* _DATA SHOWN_
-- Opening Marker --

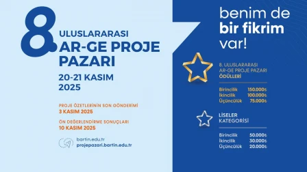 Bartın Üniversitesinin (BARÜ) proje geliştirme konusunda farkındalığı artırmak ve gençlerin yenilikçi fikirlerini desteklemek amacıyla düzenlediği Ar-Ge Proje Pazarı sekizinci kez kapılarını açıyor. Türkiye’nin alanında öncü kurumlarından yetkililerin de yer aldığı, bölgenin en önemli bilim ve teknoloji etkinliklerinden biri olarak gösterilen BARÜ 8. Uluslararası Ar-Ge Proje Pazarı başvuruları başladı.
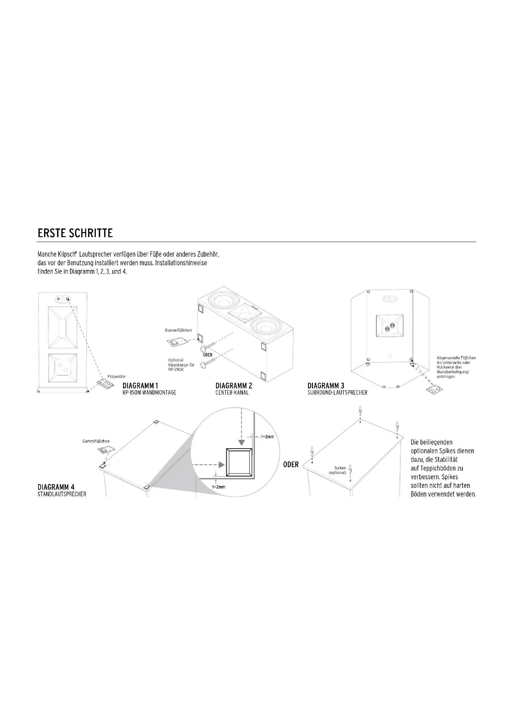 Abgerundete Füßchen An Unterseite oder Rückseite (bei Wandbefestigung) anbringen DIAGRAMM 2 CENTER-KANAL DIAGRAMM 3 SURROUND-LAUTSPRECHER Filzpolster GummifüßchenGummifüßchenOptional Kippstange für RP-250C ODER Die beiliegenden optionalen Spikes dienen dazu, die Stabilität auf Teppichböden zu verbessern. Spikes sollten nicht auf harten Böden verwendet werden. DIAGRAMM 4 STANDLAUTSPRECHER ODER 1~2mm 1~2mmAUFSTELLUNG IM RAUM ANSCHLÜSSE Linke und rechte Hauptkanal-Lautsprecher – Zur optimalen Leistung empfiehlt Klipsch Group, Inc. (KGI), dass Sie die Lautsprecher 1,8 bis 4,6 m voneinander entfernt und mindestens 61 cm von den Rück- und Seitenwänden aufstellen. Um ein besseres Stereoklangbild zu erhalten, sollten Sie sie eventuell etwas nach innen ausrichten. Der Abstand der Hörpositionen sollte etwa 1 bis 1,5 mal so groß wie der Abstand der Lautsprecher voneinander sein. Abbildungen 1 und 3 zeigen Ihnen die korrekten Anschlüsse und Platzierungen. Center-Kanal-Lautsprecher – Center-Kanal-Lautsprecher dienen dazu, Dialog und primären Sound so wiederzugeben, dass sie vom Videobildschirm zu kommen scheinen. Diese Lautsprecher sollten deshalb so nahe wie möglich am Bildschirm platziert werden, am besten direkt über oder unter dem Bildschirm. Abbildungen 1, 2 und 3 zeigen Ihnen die korrekten Anschlüsse und Platzierungen. Hintere Surround-Lautsprecher – Klipsch WDST Surround-Lautsprecher sollten ungefähr 60 cm über der Hörposition platziert werden. Normalerweise ist das 1,5-2 m über dem Boden. Die Surround-Lautsprecher sollten an Wänden und in unmittelbarer Nähe der Hörposition platziert werden. Eine weitere Option wäre die Wand hinter der Hörposition. Letztlich hängt die Platzierung des Surround- Lautsprechers von den Eigenschaften Ihres Raums ab. Die Lautsprecher erzeugen den durch die moderne Surround-Sound-Technologie ermöglichten Raumklang. Abbildungen 1, 3 und 4 zeigen Ihnen die korrekten Anschlüsse und Platzierungen. Konventioneller Anschluss – Verwenden Sie 16-Gauge-Lautsprecherkabel (oder dicker) und verbinden Sie den ROTEN, positiven (+) Anschluss des LINKEN Lautsprechers mit dem ROTEN, positiven (+) Anschluss des LINKEN Kanals Ihres Verstärkers. Verbinden Sie den SCHWARZEN, negativen (-) Anschluss des LINKEN Lautsprechers mit dem SCHWARZEN, negativen (-) Anschluss des LINKEN Kanals Ihres Verstärkers. Wiederholen Sie dieses Verfahren für den Anschluss aller verbleibenden Lautsprecher an die entsprechenden Verstärkerkanäle. Siehe Abbildung 3. Vergewissern Sie sich, dass kein blanker Draht von einem der Anschlüsse andere Klemmen berührt, da dies einen Kurzschluss hervorrufen und Ihre Geräte beschädigen könnte. Die Reference Premiere-Modelle RP-280F, RP-260F, RP-250F und RP-160M verfügen über doppelte Anschlussterminals . Wenn eine Einkabel-Verbindung benutzt wird, sollte der Verbindungsstreifen an Ort und Stelle bleiben. Bei einer Bi-Wiring- oder Bi-Amping- Verbindung musst der Verbindungsstreifen entfernt werden. Weitere Anleitungen hierzu finden Sie in der Dokumentation Ihres Receivers. Verstärkeranforderungen – Klipsch-Lautsprecher haben einen hohen Wirkungsgrad und können mit zahlreichen Verstärkern betrieben werden. Alle Klipsch-Lautsprecher sind 8-Ohm-kompatibel und können hohe Schallpegel mit geringer Verzerrung wiedergeben. Aufgrund des hohen Ausgangspegels, den Klipsch-Lautsprecher wiedergeben können, sollten Sie den Lautstärkeregler mit Bedacht einsetzen. Übermäßige Lautstärke über längere Zeiträume hinweg kann Ihr Hörvermögen permanent schädigen. Eine Überbelastung Ihres Verstärkers kann auch die Lautsprecher beschädigen. Fragen Sie Ihren Fachhändler, ob Ihr Verstärker für Ihren Einsatzzweck geeignet ist. Wir wollen, dass Sie einen lebenslangen Hörgenuss haben.SUB SUBTVCXYZsLsRsLsRX=Y=ZL R Front Right Front Left SUB SUBTV XYZ
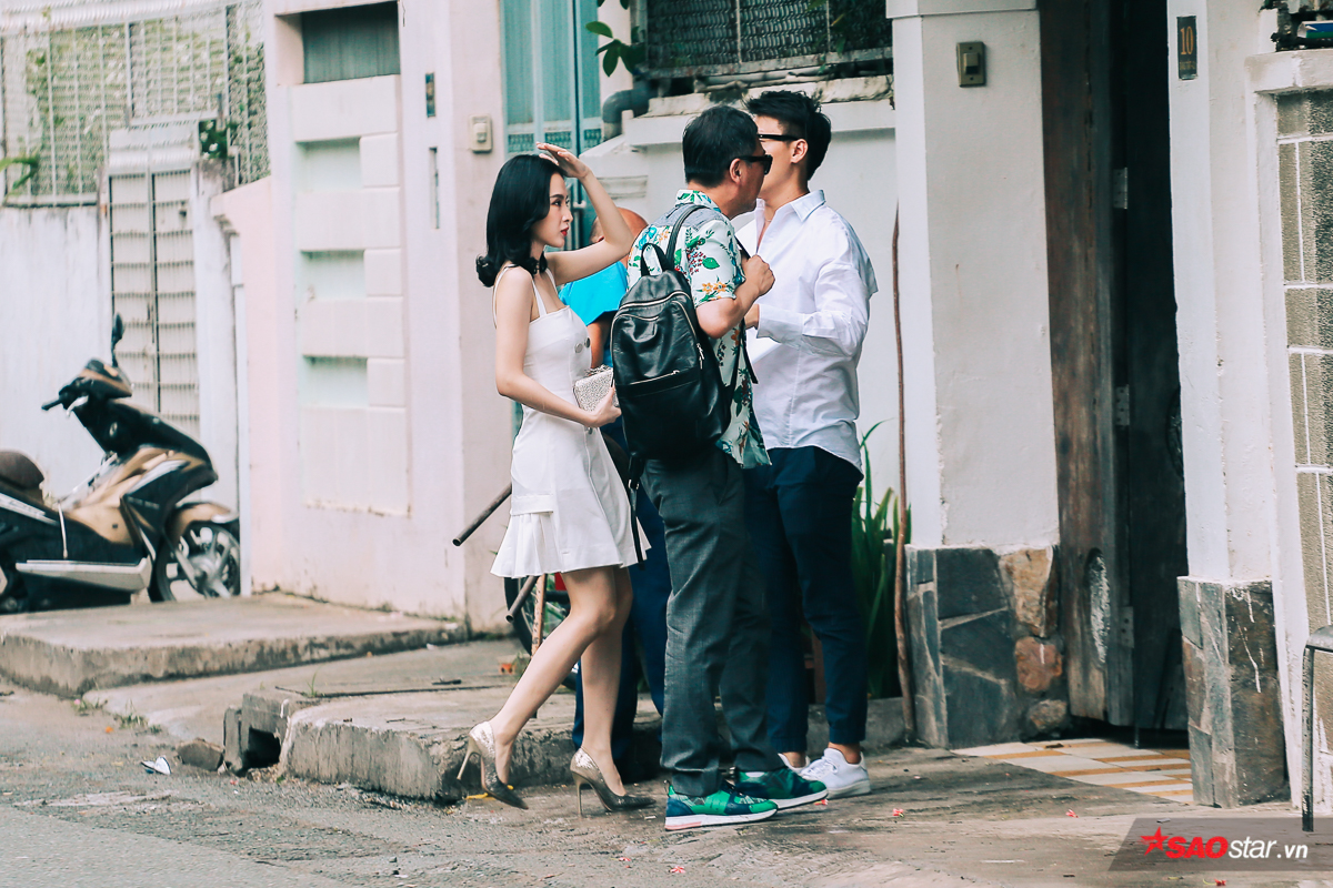 Nam đạo diễn vui vẻ nói chuyện cùng Angela Phương Trinh và một người bạn của cô.
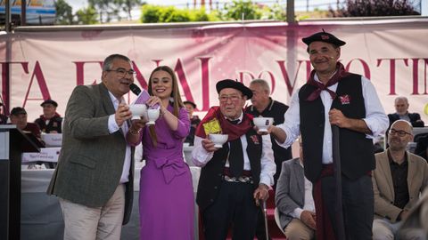 Anxo Varela, que presentaba junto a Rocío Padín la investidura de este año, dio paso al juramento de rigor: «Xuras defender hasta caer rendido, que non ebrio, as bondades de este noso tinto, causa do noso sorriso, señor da nosa identidade, fonte de saúde e sustento económico para moitas casas?».

-- Closing Marker --

* _WORK ITEM_
Print the material word for word without images.

* _EXERCISE ANSWER_
 Bartın Üniversitesinin (BARÜ) proje geliştirme konusunda farkındalığı artırmak ve gençlerin yenilikçi fikirlerini desteklemek amacıyla düzenlediği Ar-Ge Proje Pazarı sekizinci kez kapılarını açıyor. Türkiye’nin alanında öncü kurumlarından yetkililerin de yer aldığı, bölgenin en önemli bilim ve teknoloji etkinliklerinden biri olarak gösterilen BARÜ 8. Uluslararası Ar-Ge Proje Pazarı başvuruları başladı.
 Abgerundete Füßchen An Unterseite oder Rückseite (bei Wandbefestigung) anbringen DIAGRAMM 2 CENTER-KANAL DIAGRAMM 3 SURROUND-LAUTSPRECHER Filzpolster GummifüßchenGummifüßchenOptional Kippstange für RP-250C ODER Die beiliegenden optionalen Spikes dienen dazu, die Stabilität auf Teppichböden zu verbessern. Spikes sollten nicht auf harten Böden verwendet werden. DIAGRAMM 4 STANDLAUTSPRECHER ODER 1~2mm 1~2mmAUFSTELLUNG IM RAUM ANSCHLÜSSE Linke und rechte Hauptkanal-Lautsprecher – Zur optimalen Leistung empfiehlt Klipsch Group, Inc. (KGI), dass Sie die Lautsprecher 1,8 bis 4,6 m voneinander entfernt und mindestens 61 cm von den Rück- und Seitenwänden aufstellen. Um ein besseres Stereoklangbild zu erhalten, sollten Sie sie eventuell etwas nach innen ausrichten. Der Abstand der Hörpositionen sollte etwa 1 bis 1,5 mal so groß wie der Abstand der Lautsprecher voneinander sein. Abbildungen 1 und 3 zeigen Ihnen die korrekten Anschlüsse und Platzierungen. Center-Kanal-Lautsprecher – Center-Kanal-Lautsprecher dienen dazu, Dialog und primären Sound so wiederzugeben, dass sie vom Videobildschirm zu kommen scheinen. Diese Lautsprecher sollten deshalb so nahe wie möglich am Bildschirm platziert werden, am besten direkt über oder unter dem Bildschirm. Abbildungen 1, 2 und 3 zeigen Ihnen die korrekten Anschlüsse und Platzierungen. Hintere Surround-Lautsprecher – Klipsch WDST Surround-Lautsprecher sollten ungefähr 60 cm über der Hörposition platziert werden. Normalerweise ist das 1,5-2 m über dem Boden. Die Surround-Lautsprecher sollten an Wänden und in unmittelbarer Nähe der Hörposition platziert werden. Eine weitere Option wäre die Wand hinter der Hörposition. Letztlich hängt die Platzierung des Surround- Lautsprechers von den Eigenschaften Ihres Raums ab. Die Lautsprecher erzeugen den durch die moderne Surround-Sound-Technologie ermöglichten Raumklang. Abbildungen 1, 3 und 4 zeigen Ihnen die korrekten Anschlüsse und Platzierungen. Konventioneller Anschluss – Verwenden Sie 16-Gauge-Lautsprecherkabel (oder dicker) und verbinden Sie den ROTEN, positiven (+) Anschluss des LINKEN Lautsprechers mit dem ROTEN, positiven (+) Anschluss des LINKEN Kanals Ihres Verstärkers. Verbinden Sie den SCHWARZEN, negativen (-) Anschluss des LINKEN Lautsprechers mit dem SCHWARZEN, negativen (-) Anschluss des LINKEN Kanals Ihres Verstärkers. Wiederholen Sie dieses Verfahren für den Anschluss aller verbleibenden Lautsprecher an die entsprechenden Verstärkerkanäle. Siehe Abbildung 3. Vergewissern Sie sich, dass kein blanker Draht von einem der Anschlüsse andere Klemmen berührt, da dies einen Kurzschluss hervorrufen und Ihre Geräte beschädigen könnte. Die Reference Premiere-Modelle RP-280F, RP-260F, RP-250F und RP-160M verfügen über doppelte Anschlussterminals . Wenn eine Einkabel-Verbindung benutzt wird, sollte der Verbindungsstreifen an Ort und Stelle bleiben. Bei einer Bi-Wiring- oder Bi-Amping- Verbindung musst der Verbindungsstreifen entfernt werden. Weitere Anleitungen hierzu finden Sie in der Dokumentation Ihres Receivers. Verstärkeranforderungen – Klipsch-Lautsprecher haben einen hohen Wirkungsgrad und können mit zahlreichen Verstärkern betrieben werden. Alle Klipsch-Lautsprecher sind 8-Ohm-kompatibel und können hohe Schallpegel mit geringer Verzerrung wiedergeben. Aufgrund des hohen Ausgangspegels, den Klipsch-Lautsprecher wiedergeben können, sollten Sie den Lautstärkeregler mit Bedacht einsetzen. Übermäßige Lautstärke über längere Zeiträume hinweg kann Ihr Hörvermögen permanent schädigen. Eine Überbelastung Ihres Verstärkers kann auch die Lautsprecher beschädigen. Fragen Sie Ihren Fachhändler, ob Ihr Verstärker für Ihren Einsatzzweck geeignet ist. Wir wollen, dass Sie einen lebenslangen Hörgenuss haben.SUB SUBTVCXYZsLsRsLsRX=Y=ZL R Front Right Front Left SUB SUBTV XYZ
 Nam đạo diễn vui vẻ nói chuyện cùng Angela Phương Trinh và một người bạn của cô.
 Anxo Varela, que presentaba junto a Rocío Padín la investidura de este año, dio paso al juramento de rigor: «Xuras defender hasta caer rendido, que non ebrio, as bondades de este noso tinto, causa do noso sorriso, señor da nosa identidade, fonte de saúde e sustento económico para moitas casas?».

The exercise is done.